Sinha [pictured below in 1999, with Holly],
who is originally from Mumbai, went to school in India and England, and
read English at Cambridge University. He worked as an advertising
copywriter before leaving to become a “proper” writer, and now lives in
the South of France. In 1999 his first book “Cybergypsies” appeared,
followed in 2002 by “The Death of Mr Love”.
The songs referred
to in “Animal’s People” are mainly from Indian films, plus Edith Piaf’s
“La Vie En Rose”. Sinha is still seeking performances of the songs
‘Kaun aayaa mere man ke dvaare’ and ‘Main nashe mein hoon’. He prefers
those contributing songs to record their own versions because
recordings of film songs posted on You Tube often cease to be
available, presumably after copyright complaints from distributors.
“Animal’s
People” is set among the victims of a chemical leak catastrophe,
modeled on the December 1984 Bhopal disaster.
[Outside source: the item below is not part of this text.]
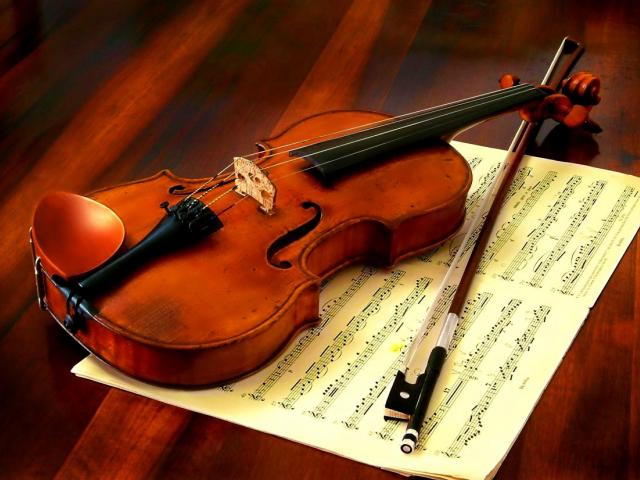 Wallpaper Violin with a bow are on a notebook
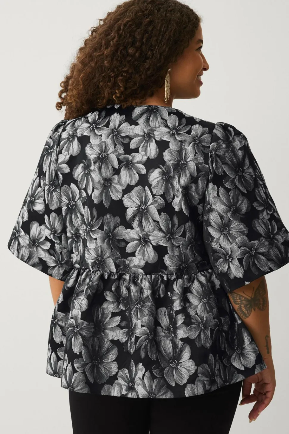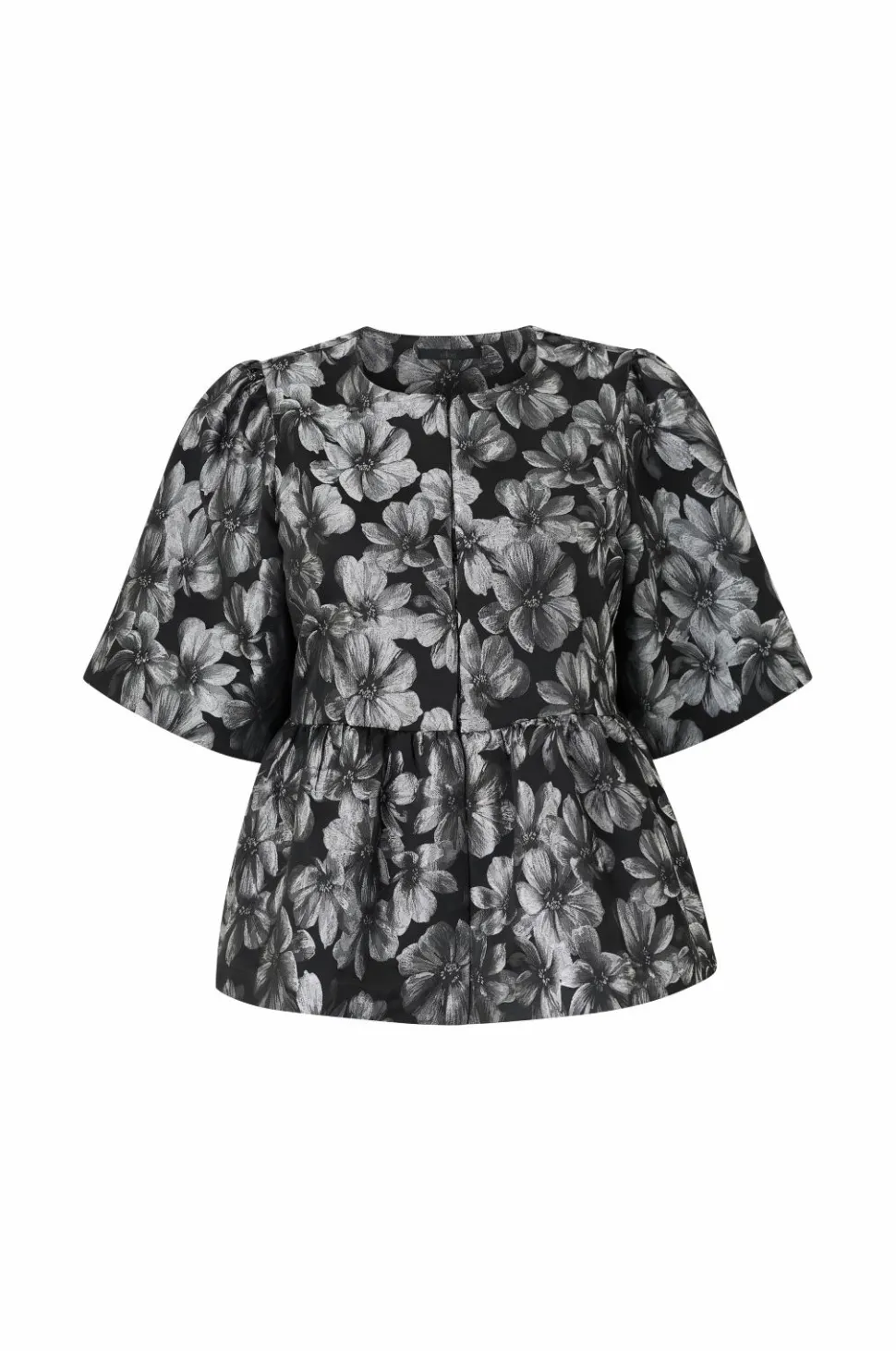 • Skinnende bluse i Taft med sølvagtige blomster hele vejen rundt

It is set in a fictional
town called Khaufpur, afflicted by a gas leak one night from an
American-owned chemical plant. The book’s nineteen-year-old central
character Animal walks on all fours as a result of the events of That
Night. A young female American doctor, Elli Barber, comes to the town
to open a clinic for those affected by the gas, and Animal becomes
involved in a web of intrigues, scams and plots.
Sinha dedicates
“Animal’s People” to the Bhopal survivor and activist Sunil Kumar.
Kumar travelled the world to try to mobilize support against the 1989
settlement between Union Carbide and the Indian government. In July
last year he hanged himself at the age of 34.
Sinha
says the novel owes much to Kumar and the stories he told him about his
life. Kumar was 12 when gas seeped from the Union Carbide plant in
Bhopal and killed all but two members of his large family. He became
wholly responsible for looking after his younger brother and sister.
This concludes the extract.